Un véhicule électrique coûte souvent beaucoup moins cher à immatriculer qu’un thermique équivalent — parfois presque rien. Mais « presque rien » n’est pas « rien », et le cas des hybrides est nettement moins simple qu’on ne le dit. Voici ce qui s’applique réellement.
L’électrique : exonéré de la taxe la plus lourde
Les véhicules fonctionnant exclusivement à l’électricité bénéficient d’une exonération de taxe régionale — la ligne Y.1, celle qui pèse le plus dans un décompte ordinaire.
Concrètement, sur un véhicule où un thermique équivalent paierait la part principale, il ne reste que les taxes fixes :
- 11 € de taxe fixe (Y.4) ;
- 2,76 € de redevance d’acheminement (Y.5).
C’est pourquoi une carte grise de véhicule électrique est parfois présentée comme « gratuite ». Elle ne l’est pas tout à fait : le titre doit bien être imprimé et acheminé.
Les hybrides : cela dépend de votre région
C’est ici que les raccourcis font des dégâts. Pour les motorisations hybrides, GPL, GNV ou superéthanol, l’exonération relève d’une décision de chaque conseil régional.
Elle peut être :
- totale — comme pour l’électrique ;
- partielle — souvent la moitié de la taxe régionale ;
- inexistante — le véhicule est taxé normalement.
Certaines régions distinguent l’hybride rechargeable de l’hybride simple. D’autres limitent l’avantage aux véhicules mis en circulation après une certaine date. Et ces décisions sont revotées : ce qui valait l’an dernier ne vaut pas nécessairement cette année.
La case P.3 fait foi
C’est le champ P.3 du certificat qui porte le type d’énergie, et c’est lui qui détermine le traitement. Les codes usuels :
- EL — électrique
- EE — essence-électricité hybride
- GL — gazole-électricité hybride
- GP — GPL
- FE — superéthanol
- H2 — hydrogène
Si vous pensez conduire un hybride mais que votre P.3 indique simplement « ES », le véhicule ne sera pas traité comme tel. C’est la première chose à vérifier avant d’espérer une exonération.
Le malus ne concerne pas les électriques
Le malus s’applique lors de la première immatriculation en France, en fonction des émissions de CO₂ et, pour certains véhicules, de la masse.
Un véhicule électrique n’émet pas de CO₂ à l’usage : le malus CO₂ ne le concerne pas. Le dispositif fondé sur la masse mérite en revanche d’être vérifié, les batteries alourdissant sensiblement ces véhicules.
Ce qui n’a rien à voir avec la carte grise
Trois dispositifs sont régulièrement confondus avec l’exonération :
- Le bonus écologique — une aide à l’achat versée par l’État. Sans rapport avec la taxe d’immatriculation.
- La prime à la conversion — une aide au remplacement d’un véhicule ancien. Sans rapport non plus.

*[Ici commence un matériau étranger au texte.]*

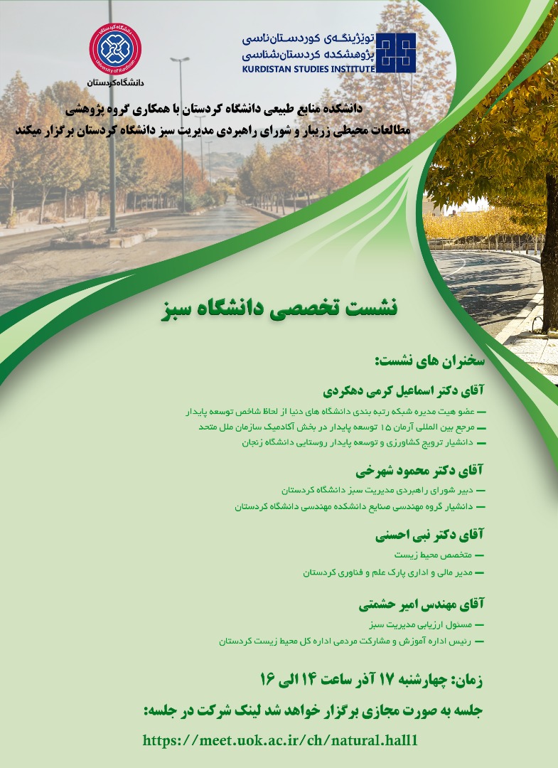 دانشکده منابع طبیعی دانشگاه کردستان با همکاری گروه پژوهشی مطالعات محیطی زریبار و شورای راهبردی مدیریت سبز دانشگاه کردستان برگزار می کند.
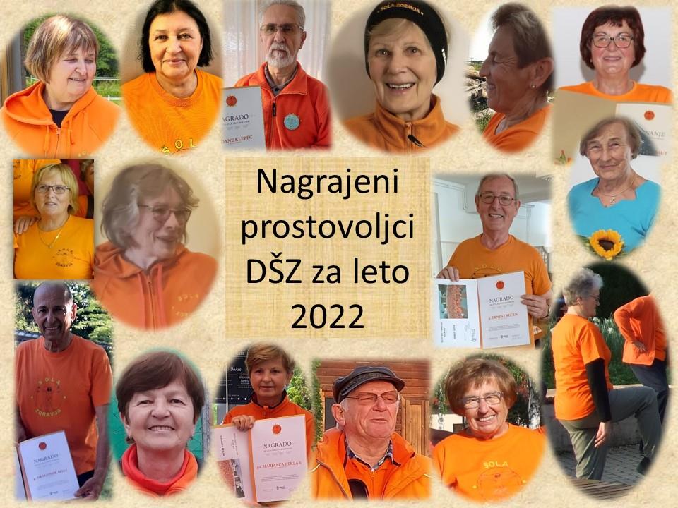 Društvo Šola zdravja (DŠZ) na svojem vsakoletnem zboru članov podeli nagrade in priznanja najbolj zaslužnim članom prostovoljcem društva za preteklo leto. Letošnje nagrade in priznanja so prejele osebe, ki izstopajo iz povprečja in prispevajo k viziji in poslanstvu Društva Šola zdravja, izražajo svojo pripadnost društvu in njegovemu delovanju, prispevajo k širitvi njegovega programa in njegovi promociji. Prejemniki nagrade za izjemne dosežke v letu 2022 so naslednji prostovoljci, člani Društva Šola zdravja: Dane Klepec (Dragatuš, občina Črnomelj), Metka Štok (Kranj – Prešernov gaj), Franc Habe (Domžale – drevored 88 lip) in Ana Podržaj (Ig), Milevka Jurković (Vrhnika), Ernest Sečen, (Brežice), Darinka Ban (Dravograd), Ana Ponikvar (Novo mesto – Birčna vas), Slavka Barbo (Novo mesto – Mali Slatnik), Marjanca Peklar (Novo mesto – Portoval 1), Jožica Farasin (Ruše – Bezena), Dragomir Mali (Sežana), Neža Kurnik (Hajdina – Slovenska vas), Marija Vehovec (Ljubljana – Vič), Marija Orešnik (Ljubljana - Brinje) in Erna Babnik (Ljubljana – Polje). Prejemnici priznanja Društva Šola zdravja pa sta: Ljuba Orel (Ljubljana – Koseški bajer) in Marija Tibaut (Čerensa, občina Črenšovci).
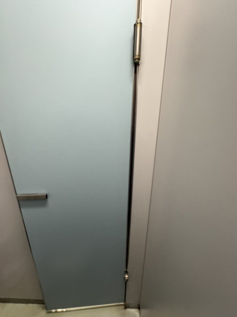 この程はだ男子トイレの扉枠の歪みからドア開閉に不具合による補修工事となります。
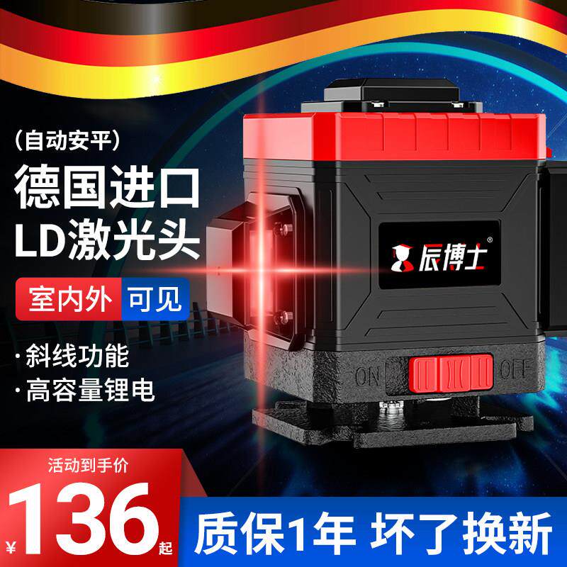 新品户外红光高精度强光细线w4线水平仪泥工程贴地墙仪自动调平打
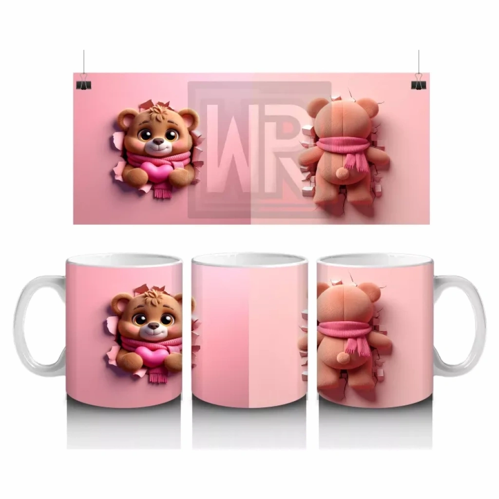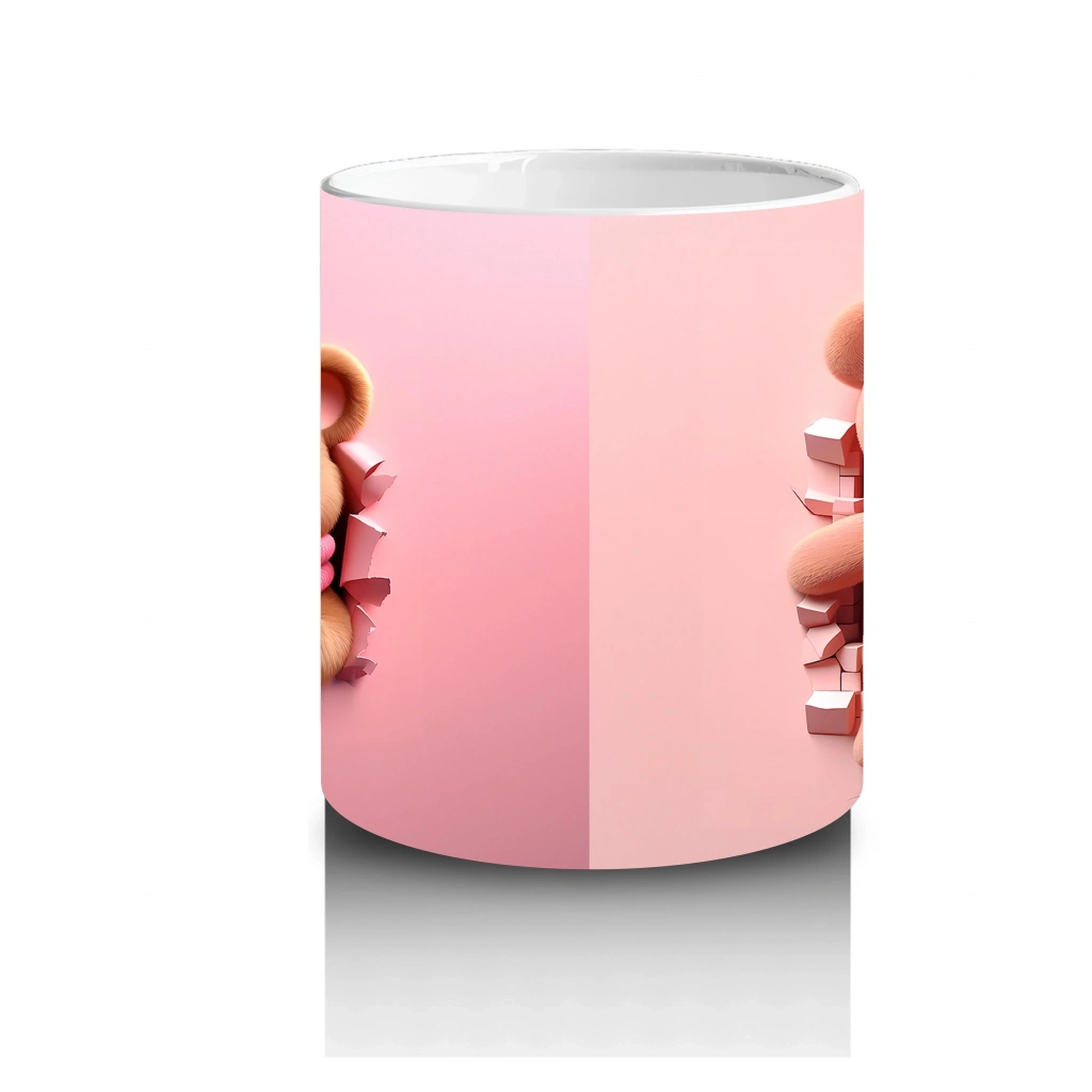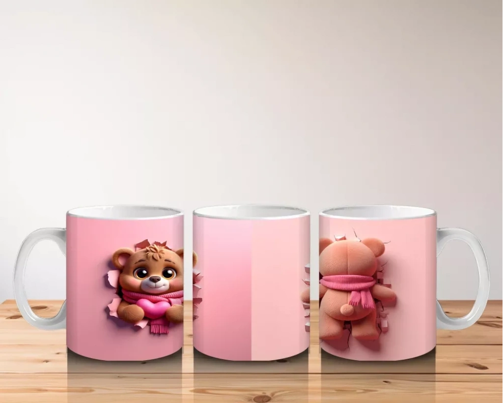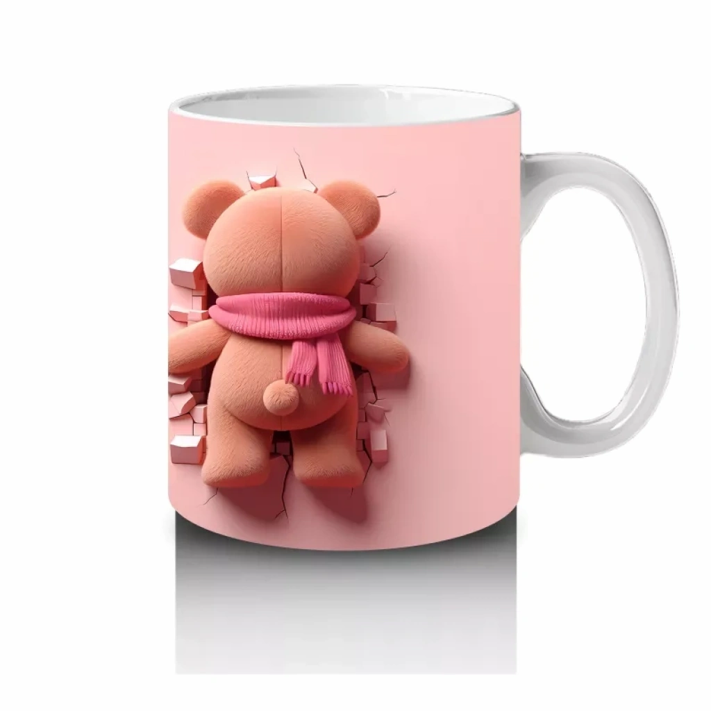 Kalpli Figür Tutan Sevimli Ayıcık Karakteri (Ön ve Arka) – Baskılı Kahve Kupası
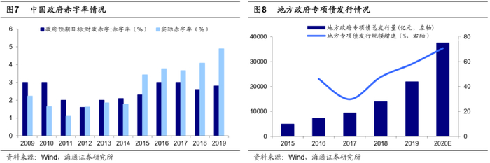 这轮牛市进入3浪上涨阶段,从单轮驱动走向双轮驱动。我们一直提出19年1月4日上证综指2440点是新一轮牛市的起点,牛市有两个大逻辑:第一,大类资产配置转向权益,资金不断流入股市;第二,中国转型不断深入,企业盈利最终回升,详见《现在类似2005年-20190217》、《再论19年类似05、12年:牛市蓄势-20190319》、《再论19年类似05年:金改VS股改-20191119》、《我们终将俯瞰现在——再论当前中国类似1980年代美国-20191217》等。过去一年半第一个逻辑已经不断兑现,对应牛市孕育期,上证2440点至3288点为牛市1浪上涨,3288点-2646点是牛市2浪回调。现在第二个逻辑正在不断兑现,即基本面数据回升,故牛市进入3浪上涨阶段。首先,第一个驱动的轮子,即资金入市,仍在发力。去年底我们估算今年A股净流入资金超过万亿,详见《增量资金望过万亿——2020年股市资金供求分析-20191125》,今年上半年已经超过7000亿,下半年货币政策或将维持偏松格局,资金仍将继续流入股市。此外,今年卫生事件使基本面形态由19Q3-Q4的圆弧底变为20Q1再砸深坑,打乱了库存周期和盈利见底回升的节奏。随着卫生事件得到控制,前期暂缓的生产和消费有望在下半年得到回补。2月开始财政、货币政策更积极,地方政府专项债较去年增加1.6万亿,计划发行抗疫特别国债1万亿,整体广义赤字较去年增加了3.6万亿,狭义赤字率3.6%,预计广义赤字率8%,叠加利率不断下行,政策最终会刺激需求回升。借鉴历史经验,政策见效4-10个月,三季度宏微观基本面数据将明显回升。20Q1全部A股归母净利润同比增速为-24%,我们预计Q2/Q3/Q4三个季度单季同比增速分别为-3%、13%、20%,全年A股净利同比有望达到0-5%。往后展望,20Q3-21Q2宏微观基本面数据有望都比较靓丽,企业利润同比或均在两位数以上,将是牛市3浪上涨的窗口期,当然市场具体的节奏要结合其他因素一起分析,如未来通胀对货币政策的影响、未来中美关系的演变、卫生事件会否出现二次高峰等等。详见《牛市扩散——2020年中期A股投资策略-20200705》。
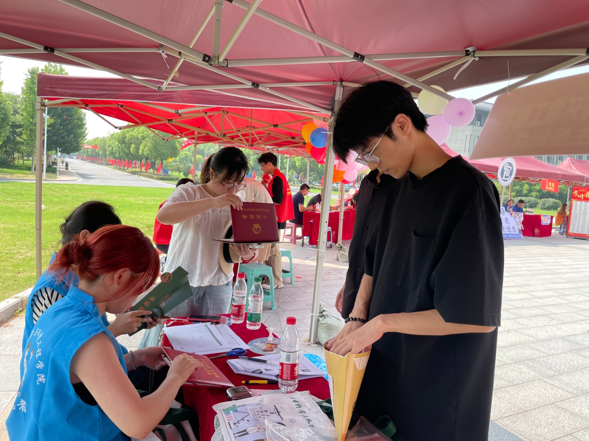 为给新生们营造一个温馨、便捷的入学环境,学院提前进行了人性化的迎新布置。色彩斑斓的气球营造出一片热烈而温馨的景象,两顶帐篷、四张桌子划分出报到处、咨询台、休息区,每一处都配备了热情的学生志愿者,确保新生能够迅速完成报到流程,感受到家的温暖。学院也贴心准备了新生礼物,小小手提袋装载了满满的关怀与祝福。
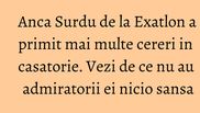 Acesta nu este insa un caz izolat, mai multi domni exprimandu-si dorinta de a o avea alaturi pe Anca. Admiratorii sportivei nu au din pacate nicio sansa la inima concurentei de la Exatlon, tanara avand o relatie solida cu artistul Silviu Pasca.

- La vignette Crit’Air — un classement pour la circulation en zones réglementées. Elle ne dit rien du montant de votre carte grise.
Un véhicule peut être classé au mieux en Crit’Air et payer la taxe régionale plein tarif.
Le rétrofit et la conversion
Transformer un véhicule thermique en électrique — le rétrofit — change son énergie, donc la case P.3. Cette transformation doit être déclarée et le certificat mis à jour : sans cela, ni l’exonération ne s’applique, ni le véhicule n’est conforme à son titre.
Il en va de même pour la pose d’un boîtier de conversion au superéthanol.
Vérifier votre situation
- Lisez la case P.3 du certificat actuel.
- Identifiez votre région de résidence — c’est elle qui décide, pas celle de l’achat.
- Vérifiez la décision de cette année : les votes régionaux sont annuels.
- Faites calculer le montant sur vos données réelles : l’exonération, si elle s’applique, apparaîtra dans le décompte.
Ce qu’il faut retenir
- L’électrique est exonéré de taxe régionale, mais pas des taxes fixes.
- Les hybrides dépendent d’une décision régionale, révisable chaque année.
- La case P.3 détermine tout.
- Bonus, prime à la conversion et Crit’Air ne sont pas des exonérations.
- Un rétrofit doit être déclaré pour produire ses effets.